Die WG (9)

RheaWinter

von RheaWinter

Story

Die Zicken in meiner Wohnheim-WG waren während des Semesters so unerträglich geworden – ich sage nur ‚Da ist ein Fleck auf dem Küchentisch‘, dass wir schließlich beschlossen, in eine WG zu ziehen. J, weil sie nicht mehr alleine wohnen wollte, L, weil er J überallhin folgte und ich, weil ich dachte, es könnte nicht schlimmer kommen. Weit gefehlt. Die ersten Zweifel bekam ich, als wir unsere Sachen im Wohnheim packten. Ich fütterte die Waschmaschine mit dreckigen Klamotten und traf im Gemeinschaftsraum auf J und L, die kreischend um den Billardtisch tobten, sich festhielten und in ihrer Ektase gegen Sessel und Regale stießen. Ich stand daneben, die Hände in den Hosentaschen, und sah zu Boden. Andere Studenten schüttelten die Köpfe. Am liebsten hätte ich es ihnen gleich getan. J und L benahmen sich peinlich, noch schlimmer wie kleine Kinder. Ich habe mich geschämt, aber ich habe den Mund gehalten.

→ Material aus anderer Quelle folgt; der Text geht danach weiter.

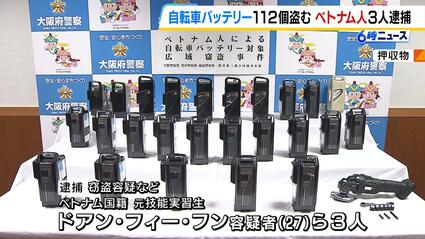 ドアン容疑者らはマンションの駐輪場などで犯行を繰り返したとみられ、盗んだバッテリーはSNSで知り合ったベトナム人に1個2000円で販売していたということです。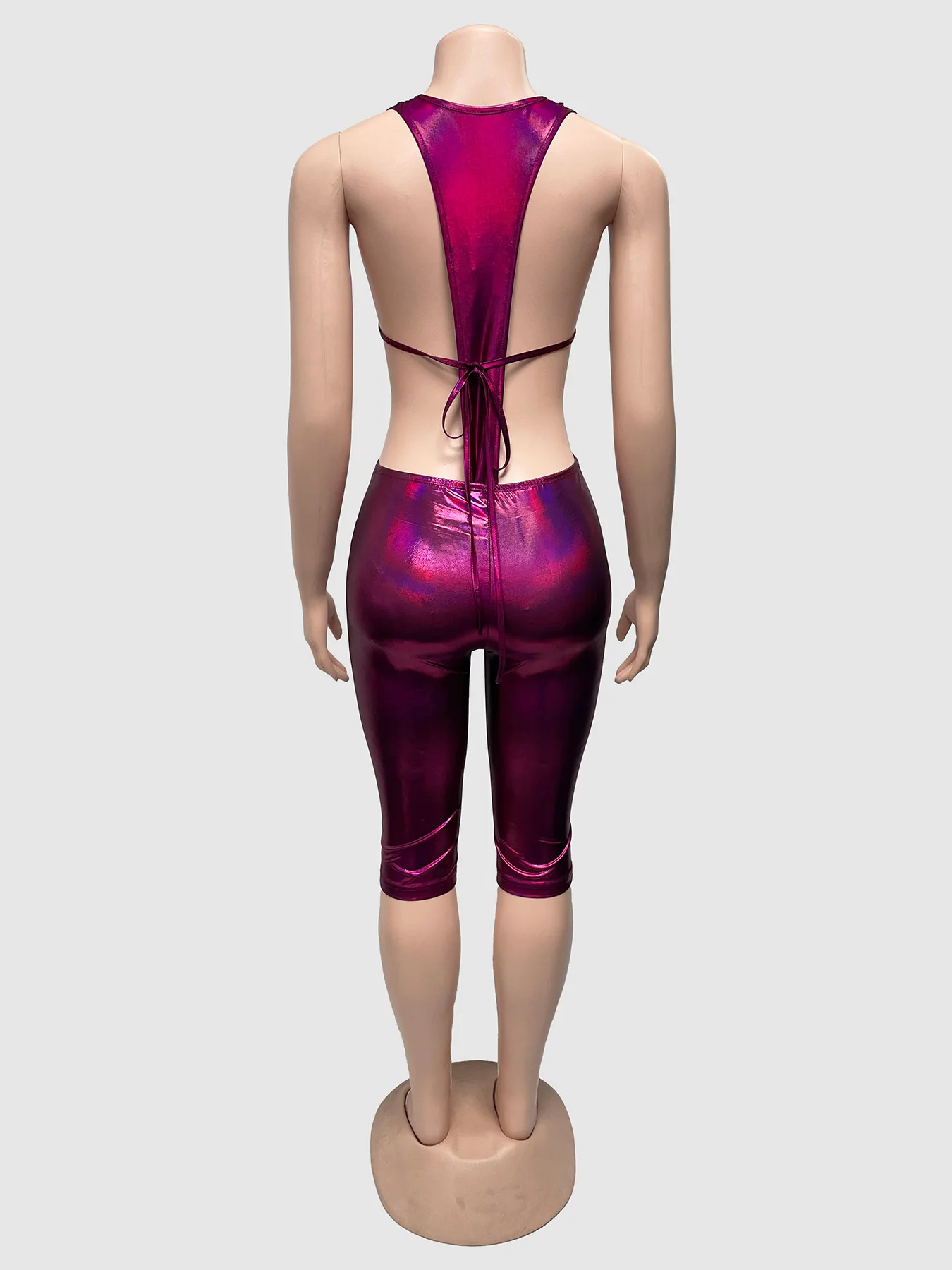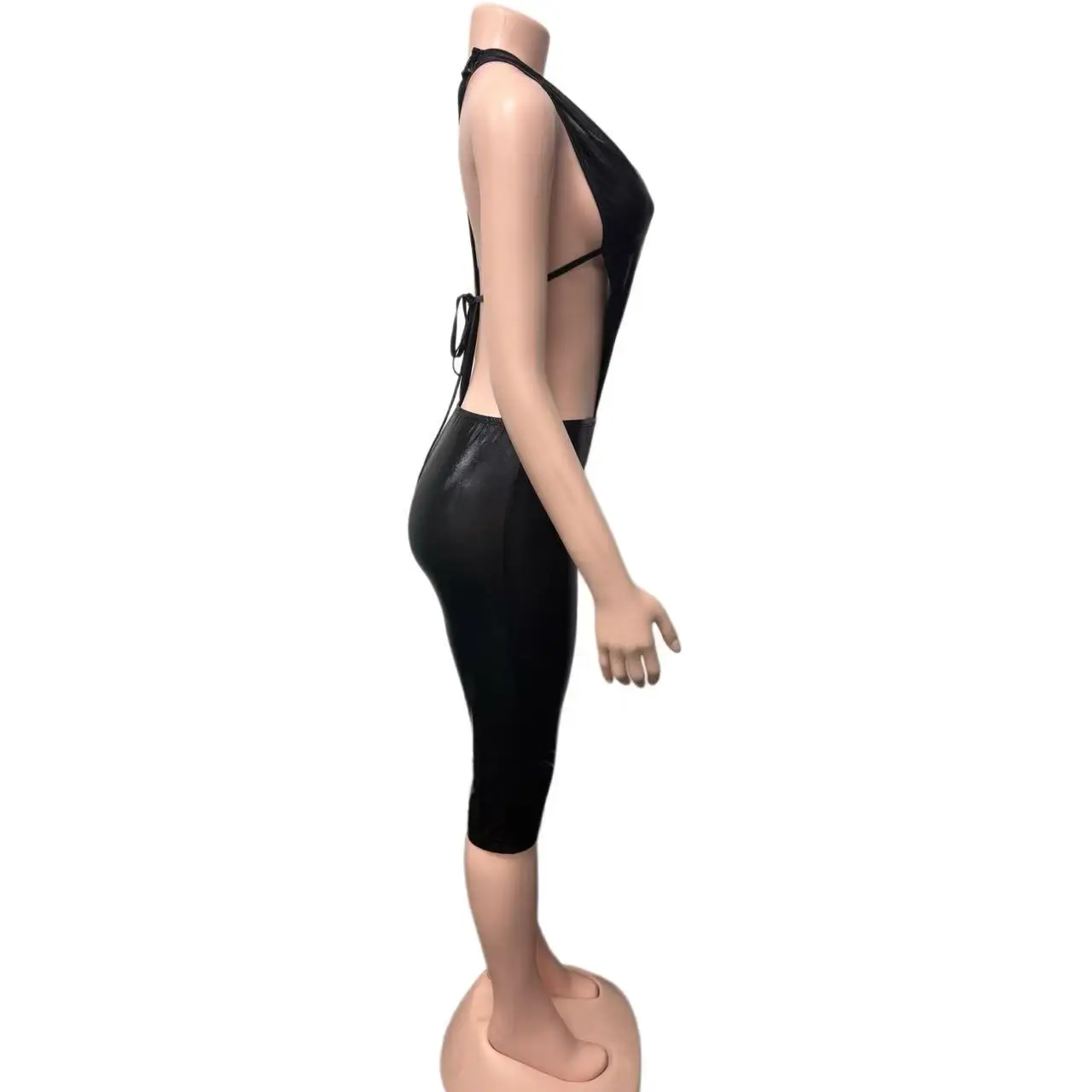 Weird Puss Sexy Women 2 Piece Set Halter Silky Hollow Sexy Backless Sleeveless Bodysuit+Bike Shorts Midnight Matching Clubwear

Als ich in die Wohnung einzog, kam es noch dicker. J und L waren einen Monat früher da, weil ich arbeiten musste, und dies markierte endgültig den Beginn ihrer Zweiershow. Sie hatten ihren Abfall in meinem Zimmer zwischengelagert, so als hofften sie, ich würde überhaupt nicht mehr erscheinen und fütterten sich mit Spaghetti, als ich mich mit meinem riesigen Koffer im Gang abmühte. Sie tollten über den Gang und beschwerten sich, dass ich mich ausgrenzte, wenn ich eine Stunde lang lesen wollte. Sie forderten von mir, sich ihre schrille Dubstep Musik anzuhören, da man ‚auch Neues ausprobieren soll‘, weigerten sich jedoch, eine einzige Folge meiner Lieblingsserie ‚Fackeln im Sturm‘ anzusehen. Sie warfen mir vor, keine Hobbies zu haben, verbrachten aber ihre gesamte Freizeit in der Wohnung, während ich einen Tanzkurs belegte. Sie waren immer zwei gegen einen. Dann machte J mit ihrem Jugendfreund Schluss. Dreimal darf man raten, warum. Gleichzeitig passierte allerdings noch etwas anderes, etwas Unerwartetes. Keine Ahnung warum, meine Gehirnzellen müssen in einem Buschfeuer untergegangen sein. Woher kam das Kribbeln, wenn L mich aus Versehen berührte? Woher das Lächeln, wenn er mich ausnahmsweise ansah? Wie konnte ich mich in jemanden verlieben, der alles, was ich mochte, scheiße fand und keinen Hehl daraus macht, es mir zu sagen? Ich war dumm, aber es war so. Wie J mich in den Arm genommen hat, als ich es ihr gebeichtet habe! Wie ich ihr anvertraut habe, dass sich jedes Mal, wenn er sie so ansieht, etwas in mir verkrampft. Ja, sie möge ihn auch, aber wir würden eine Lösung finden. Schließich bedeutete ich ihr sehr viel und sie wolle mich nicht verlieren. Pah! Ich spucke nochmal auf den Boden. Blöde Tränen, die hat sie nicht verdient. Wie konnte sie mir das antun? In dieser Nacht, in ihren Armen, habe ich ihr geglaubt. Etwas von unseren Nachmittagen im Café kehrte zurück. Sie war wieder J, ohne L. Dann habe ich nach den Weihnachtsferien das Kondom im Bad gefunden.